October 24, 2001 Advisory

Recent years have seen the cost of education, particularly at the post-secondary level, rise to staggering levels, outpacing inflation and income growth. The new tax act includes specific provisions addressing the ways in which taxpayers can get an early start on financing a child's education, two of which are addressed below.
Education IRAs. Under the existing law, taxpayers may contribute to an Education IRA up to $500 per beneficiary per year until the beneficiary attains age eighteen (18). The contribution limit is phased out depending on the contributor's adjusted gross income. The funds in the IRA must be used for qualified higher education expenses. Higher education in this context means post-high school.
The new tax act makes Education IRAs more attractive by increasing the amount of annual contributions one can make to each beneficiary and by expanding the definition of qualified education expenses. Beginning in 2002, individuals may make annual contributions of up to $2,000 per beneficiary, and qualified education expenses will include elementary and secondary school expenses. In addition, the Act authorizes corporations to make contributions to Education IRAs, and increases the phase-out range for married contributors filing jointly to $190,000 - $220,000 (i.e., double that of single taxpayers).
Qualified Tuition Programs (Section 529 Plans). Existing law provides that individuals may establish an account under a State operated program on behalf of a beneficiary to be used for the beneficiary's qualified higher education expenses (e.g., tuition, room and board, books, school fees and supplies). The contribution is considered a completed gift and, therefore, the donor may use his or her annual gift tax exclusion amount ($10,000 per recipient) to avoid gift tax liability. Furthermore, the account may be "pre-funded" with up to five years of annual exclusion gifts, which may result in a higher total return on the investment.

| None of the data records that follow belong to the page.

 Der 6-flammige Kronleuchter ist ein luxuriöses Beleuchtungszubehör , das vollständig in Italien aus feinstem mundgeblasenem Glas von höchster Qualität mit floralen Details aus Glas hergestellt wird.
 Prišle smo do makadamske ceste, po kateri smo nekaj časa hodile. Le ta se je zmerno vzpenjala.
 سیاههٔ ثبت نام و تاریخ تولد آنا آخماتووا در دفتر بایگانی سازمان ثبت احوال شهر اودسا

The accounts grow on a tax-deferred basis; earnings are taxed only upon distribution, at the student's income tax rate (a rate usually much lower than that of the contributor). The beneficiary may be changed at any time.

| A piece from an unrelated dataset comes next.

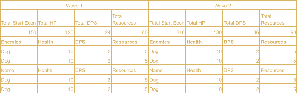 TreeKeeper features 6 waves that are balanced around the resource economy of passive generation and active generation from destroying enemies. Waves were created through a data table that automatically adjusted per any balance changes to tower, enemy, and economy stats. Each was designed through a flow of resources and damage resulting in a difficulty state that requires the player’s active attention to win. This comes after multiple playtesting sessions over the course of several weeks where I noted each player’s progress, spoken thought analysis of their thoughts, and major actions.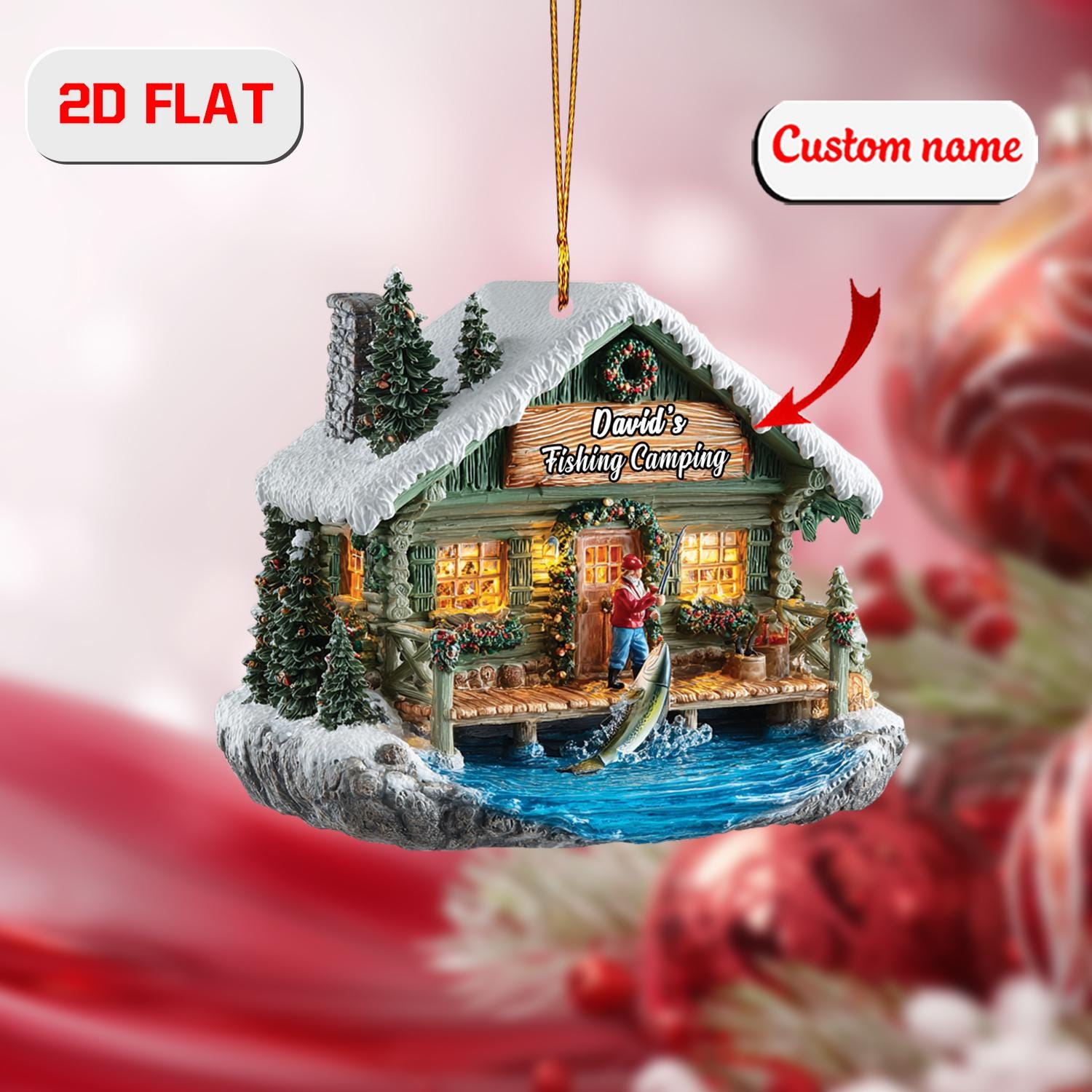 Personalized Fishing Cabin Christmas Ornament , Custom Name Camping Gift, Holiday Tree Decoration for Fisherman, Outdoor & Nature Lover

The new tax act removes the requirement that the contribution be made to a program established and maintained by a State. Instead, beginning in 2002, contributions may be made to programs of "eligible educational institutions," which include private schools, colleges and universities. In addition, beginning in 2002, distributions from State programs will no longer be subject to income tax, provided the distributions are used to pay qualified higher education expenses. This income tax rule will apply to privately run programs beginning in 2004.